All use [GeneratedRegex] for AOT safety.

Comment Extraction

Extracts comments from all supported languages with nearby code context:

Style Languages
// single-line C#, Java, Kotlin, JS/TS, PHP
/* */ block C#, Java, Kotlin, JS/TS, PHP
# single-line Python, PHP
""" / ''' docstring Python

Each comment stores:

  • comment: The comment text (cleaned of syntax markers)
  • nearby_code: Up to 3 lines of code after the comment
  • before_code: 1 line of code before the comment
  • start_line / end_line: Line range in source file

Database (SQLite + FTS5)

File: ~/.codescan/db/codescan.db (auto-created)

Schema

Table Purpose
projects Indexed project paths + last scan info + addinfo description
scans Scan history per project
files File list per scan (path, size, extension, depth)
methods Class:method per file + git blame (author, date, commit msg)
comments Comment blocks per file + nearby code context
project_docs README/AGENT/CLAUDE.md content per scan
search_index FTS5 virtual table (trigram tokenizer for CJK substring search)

Search Strategy (Hybrid)

search "query" [--project <id>]
  1. FTS5 trigram search (3+ char terms) [optionally filtered by project]
  2. LIKE fallback (2-char terms, e.g. Korean 2-syllable words)
  3. git log --grep (commits not in DB blame) [skipped when --project used]
  → Results merged, deduplicated

Search Types

Type Source Content
method DB Method name + commit message
file DB File name + path
doc DB README/AGENT/CLAUDE.md content
comment DB Comment text + nearby code
commit Git Commit message + changed files

Key Design Decisions

Centralized data storage (~/.codescan/)

DB and logs are stored under the user's home directory, not the working directory. This ensures consistent data access regardless of where codescan is executed. Path management is centralized in AppPaths.cs.

Project AddInfo

Each project can have one additional description (addinfo) to provide context that cannot be derived from code alone. This is useful for LLM integrations where project purpose/context is needed.

.md files always included

When --include filter is used, .md files are always added. Source code and documentation are inseparable context.

Recent-first sorting

Files and directories are sorted by last modification time (most recent first). Directories appear before files.

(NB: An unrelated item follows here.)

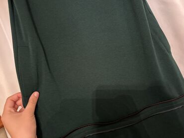 Qadın geyimi – uzun təmtəraqsız paltar - Rəng: tünd yaşıl/şüşə yaşılına yaxın - Model: dar kəsim, bədənə oturan siluet - Uzunluq: midi–uzun (baldırdan aşağı) - Yaxa: yumru - Qol: 3/4 uzunluqda - D...
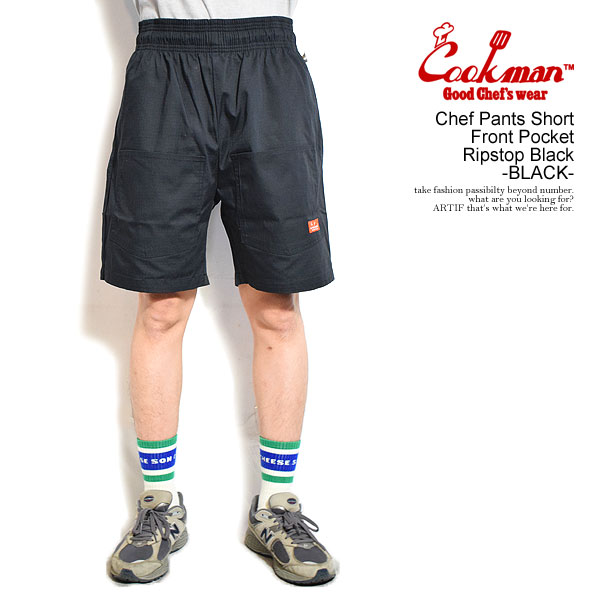 COOKMAN クックマン Chef Pants Short Front Pocket Ripstop Black -BLACK- メンズ ショートパンツ シェフパンツ atfpts

Project doc auto-detection

ProjectDocFinder searches for README.md, AGENT.md, or CLAUDE.md (parent directories have priority, then BFS depth 2). Found doc content is saved to DB and appended to log files.

Git blame without process overhead

GitBlameService.FindGitRoot() walks up the directory tree looking for .git/ folder — no git process spawned. If no .git found, blame is skipped entirely. Blame results are cached per commit hash (porcelain format optimization).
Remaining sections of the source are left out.